One hundred years later, the situation changed significantly. An Albanian visitor to Bosnia, Masarechi, observed that Bosnia was 3/4 Muslim, 1/4 Catholic (about 300,000), and no more than 150,000 Orthodox. In assuming that Masarechi was correct, and based on some numbers from the time, he may have overestimated the Catholic numbers. Only fifty years later that number was drastically reduced. Fifty years from Masarechi\\\\\\\'s writings, in 1675, according to the report by Bosnian bishop Nikola Organic-Olovcic, there were no more than 80,000 Catholics in Bosnia, and they became the least numerous group of people in Bosnia. Toward the end of that century, after the invasion of Prince Eugen of Savoy into Bosnia, the number of Croat Catholics was further reduced, estimated to be close to 32,000. By the year 1740, there was a slight increase to about 40,000. From that time there was a very slow rise in numbers reaching to about 100,000 by the year 1800. The first relatively precise census was made possible by Austrian officials in 1879. The census showed that within the borders of BiH as we know them today, there were 209,391 Catholics, or 18.08% of the total population.

SUMMARY OF MOVEMENTS OF THE CROATIAN POPULATION IN BiH IN THE 17th AND 18th CENTURIES

Year 1624 1675 1699 1740 1800 1879
# of Croats 300,000 80,000 32,000 40,000 100,000 209,391

The demise of the Croat kingdom in BiH during the Middle Ages had catastrophic consequences, as numerical reflections point out in the preceding paragraph. Unfortunately, these were not just losses expressed in terms of numbers. In addition, Croats lost their leading, elite segment of the lay population. The urban merchant class, which had the leading role in the economic life of the population, left not only Sarajevo, but other urban centers as well, and with them was lost the base of Croat cultural development. Only a small number of Croat artisans remained, so that in essence, the Croat population was primarily made up of the agrarian element, and the only elite leadership left with the people were the Franciscan friars. The priests were limited to three monasteries, as compared to some forty toward the end of the Middle Ages. They were located in Kraljeva Sutjeska, Fojnica, and in Vares. There were only two churches, one in Podmilicje near Jajce, and the other in Vares.

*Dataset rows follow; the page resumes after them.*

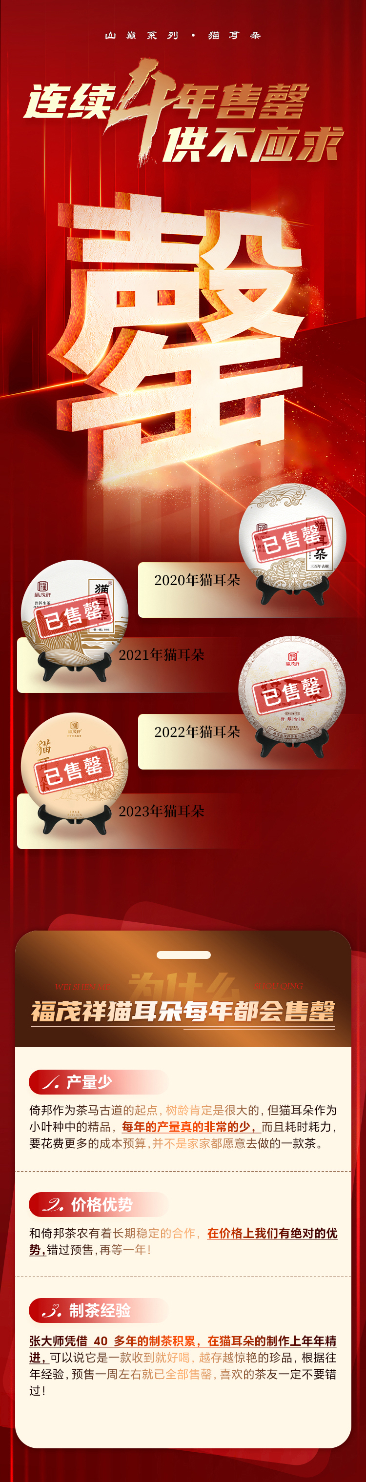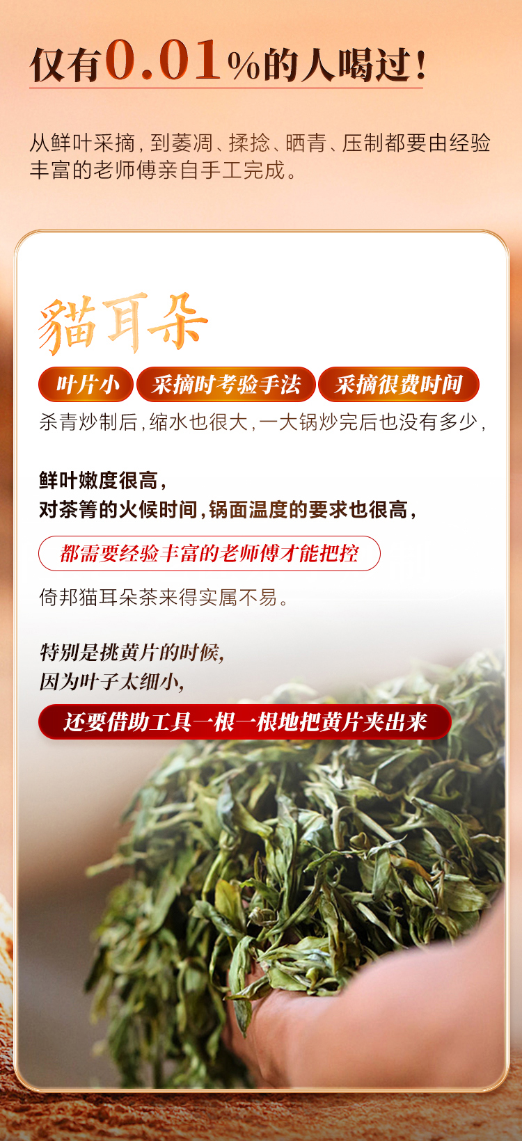 【2024年春茶】【猫耳朵】连续四年断货王!新签约核心地块,品质更胜去年 2024年云南易武茶区倚邦普洱茶生茶古树茶饼357g
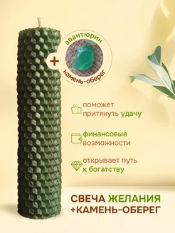 Свеча восковая магическая+камень оберег на деньги
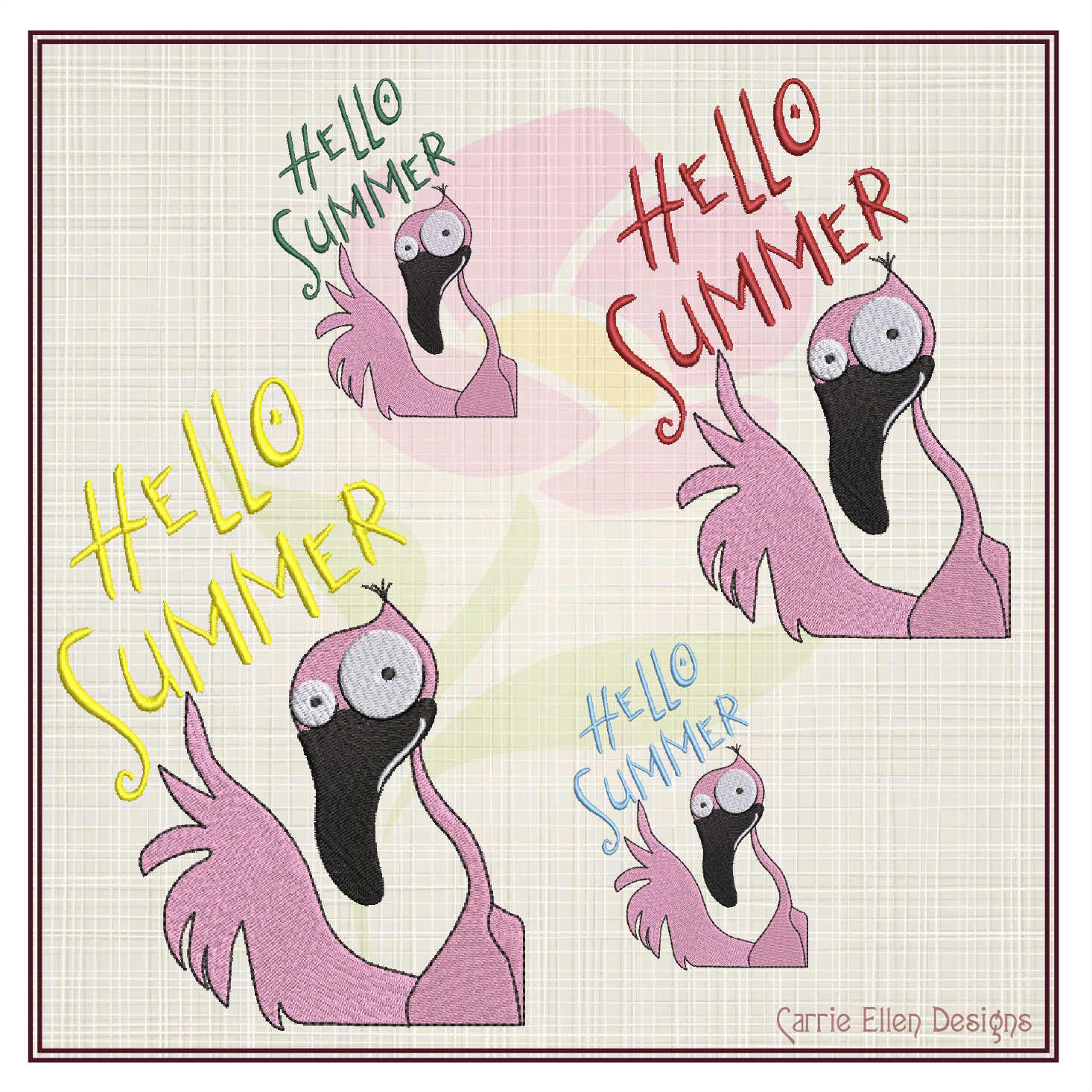 Hello Summer Flamingo Machine Embroidery Design | Funny Summer Sayings | Tropical Bird Embroidery | 8 Sizes (0822)

In such a somber reality, Franciscans were the only social force responsible for keeping the memory of a lost kingdom, and safeguarding the identity of the land. In the 16th Century, while the interest of the Catholic merchant class was still present, the tradition from the Middle Ages was very pronounced and, out of Bosnia, the traditional stronghold left was in Dubrovnik. Many from Dubrovnik looked to Bosnia as the land of their ancestors, while Bosnia still maintained its Catholic character. Even some peasants from the island of Mljet tied their ancestral roots to Bosnia through documents which bore the official seals of Bosnian kings. When those documents were used in the courts of Dubrovnik, Franciscan priests from Bosnia were called to verify their authenticity. The most significant link to Croats from the Middles Ages is the coat of arms from the town of Foca. This coat of arms was produced by highly educated Franciscan priests in cooperation with wealthy merchants. The merchants were investing money and desire in order to discover and preserve cherished components of their identity. The priests were investing their talents and connections to other communities with similar undertakings. At the same time, the conscience of the Muslims of that time held no notion of Bosnia as a political entity. In their minds, Bosnia was not a country, but rather just a native land totally immersed and lost in the immensity of the Ottoman Empire, which existed solely for the purpose of glorifying Allah. The Orthodox population, uprooted from its original domain, was under very strong influence of the Serbian Orthodox Church, which was primarily concerned with keeping alive the memory of the "sanctified dynasty Nemanjic". Then, as now, the only guidance for the Orthodox was the idea of restoring the glory of its dynasty from the Middle Ages. On the other hand, in this new situation, after the massive exodus of the Catholics during the 17th and 18th Centuries, in the solitude of their three remaining monasteries, generations of Franciscan priests sought and found remnants of their peoples past. In between weary travels among their people, they stored and safeguarded the memories of their land called Bosnia.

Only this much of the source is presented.